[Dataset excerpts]

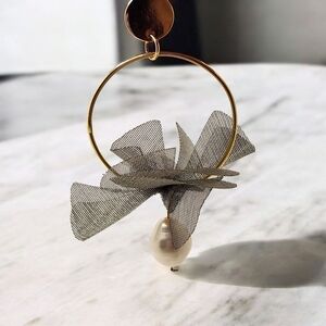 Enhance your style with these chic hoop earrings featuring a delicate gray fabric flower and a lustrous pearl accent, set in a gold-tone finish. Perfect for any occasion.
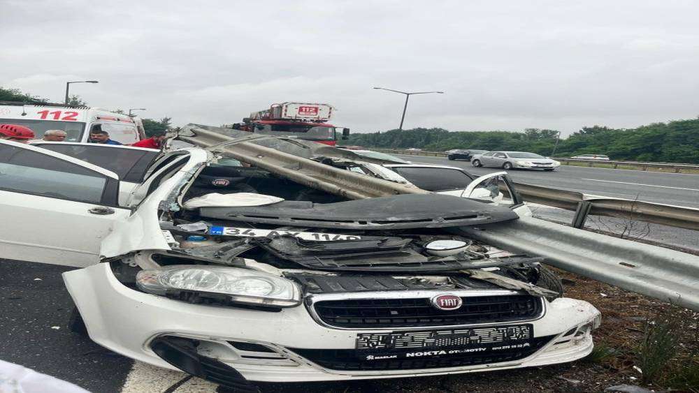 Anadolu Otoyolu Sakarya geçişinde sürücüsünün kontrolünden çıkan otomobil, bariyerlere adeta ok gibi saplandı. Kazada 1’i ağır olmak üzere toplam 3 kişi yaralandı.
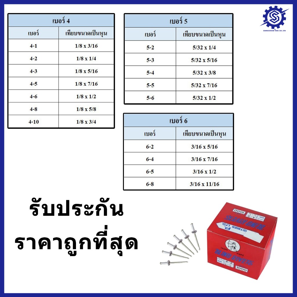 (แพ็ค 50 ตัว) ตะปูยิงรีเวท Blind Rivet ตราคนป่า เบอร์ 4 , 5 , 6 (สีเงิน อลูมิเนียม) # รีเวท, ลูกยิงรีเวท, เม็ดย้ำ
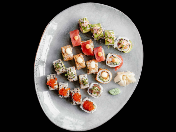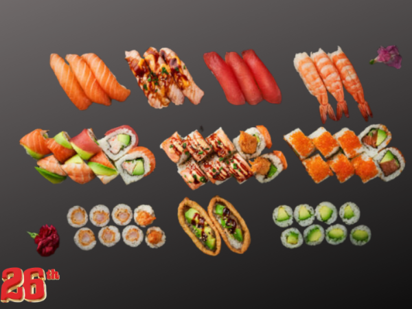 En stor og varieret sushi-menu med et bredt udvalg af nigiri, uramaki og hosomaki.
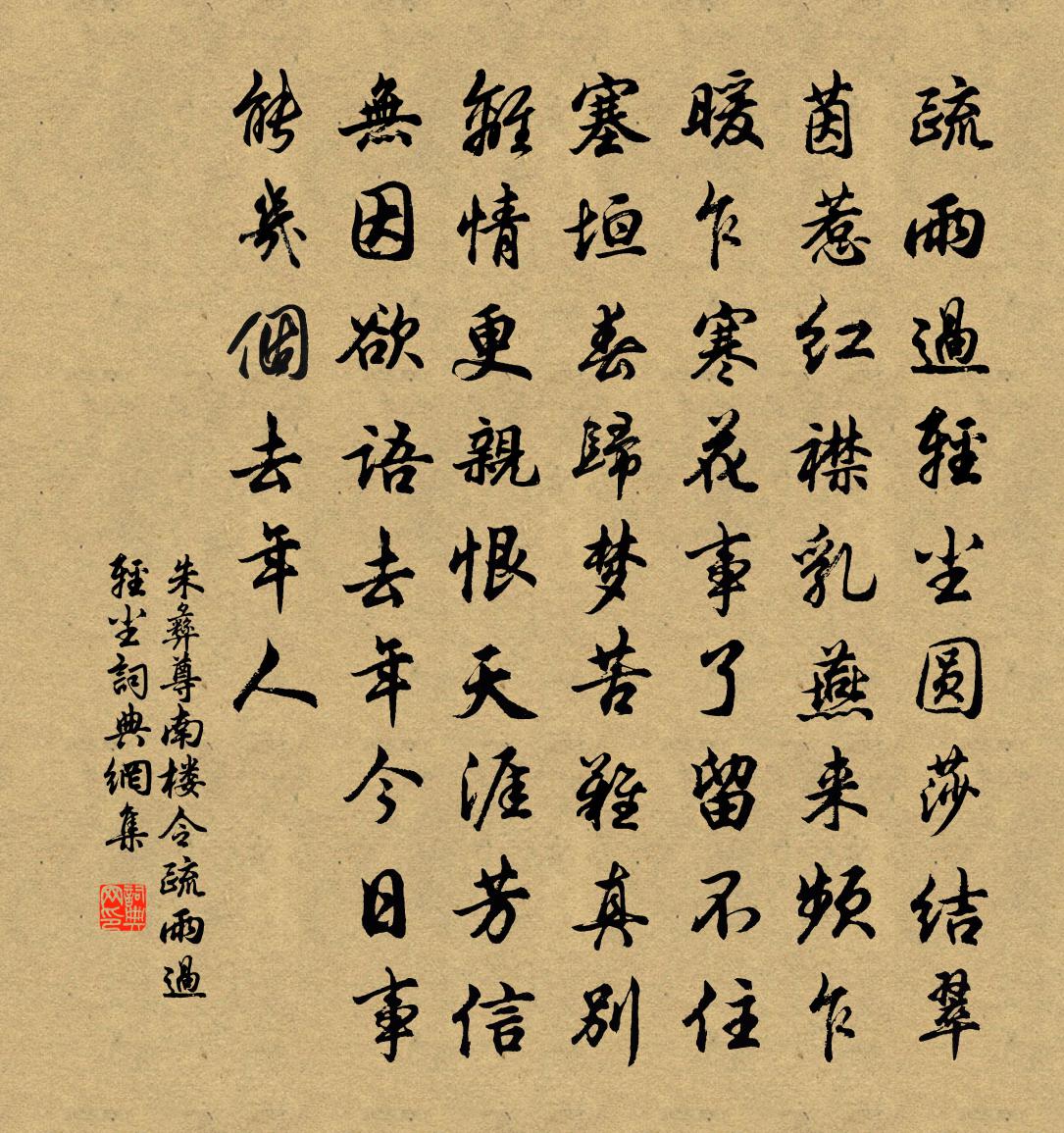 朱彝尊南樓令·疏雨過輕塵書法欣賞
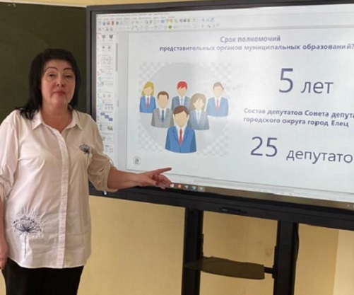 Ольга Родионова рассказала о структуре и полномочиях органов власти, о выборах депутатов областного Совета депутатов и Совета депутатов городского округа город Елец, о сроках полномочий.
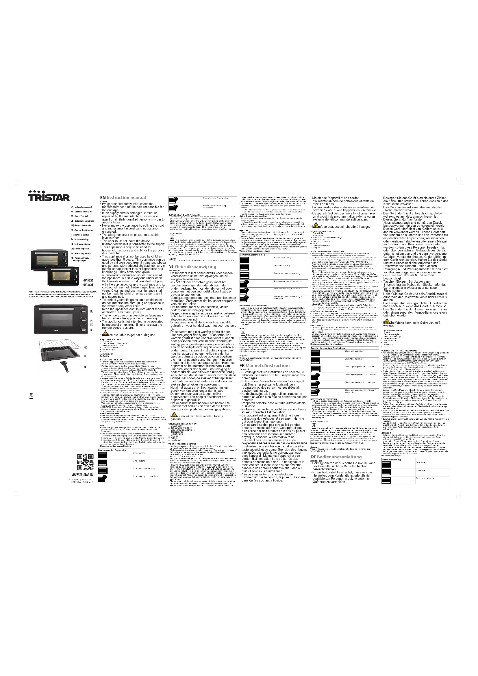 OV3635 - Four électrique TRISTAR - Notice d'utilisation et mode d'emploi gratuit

PROMPT —
Output nothing but the records above, word for word, with the pictures removed.

ANSWER TO THIS TASK —
 Enhance your style with these chic hoop earrings featuring a delicate gray fabric flower and a lustrous pearl accent, set in a gold-tone finish. Perfect for any occasion.
 Anadolu Otoyolu Sakarya geçişinde sürücüsünün kontrolünden çıkan otomobil, bariyerlere adeta ok gibi saplandı. Kazada 1’i ağır olmak üzere toplam 3 kişi yaralandı.
 (แพ็ค 50 ตัว) ตะปูยิงรีเวท Blind Rivet ตราคนป่า เบอร์ 4 , 5 , 6 (สีเงิน อลูมิเนียม) # รีเวท, ลูกยิงรีเวท, เม็ดย้ำ
 En stor og varieret sushi-menu med et bredt udvalg af nigiri, uramaki og hosomaki.
 朱彝尊南樓令·疏雨過輕塵書法欣賞
 Ольга Родионова рассказала о структуре и полномочиях органов власти, о выборах депутатов областного Совета депутатов и Совета депутатов городского округа город Елец, о сроках полномочий.
 OV3635 - Four électrique TRISTAR - Notice d'utilisation et mode d'emploi gratuit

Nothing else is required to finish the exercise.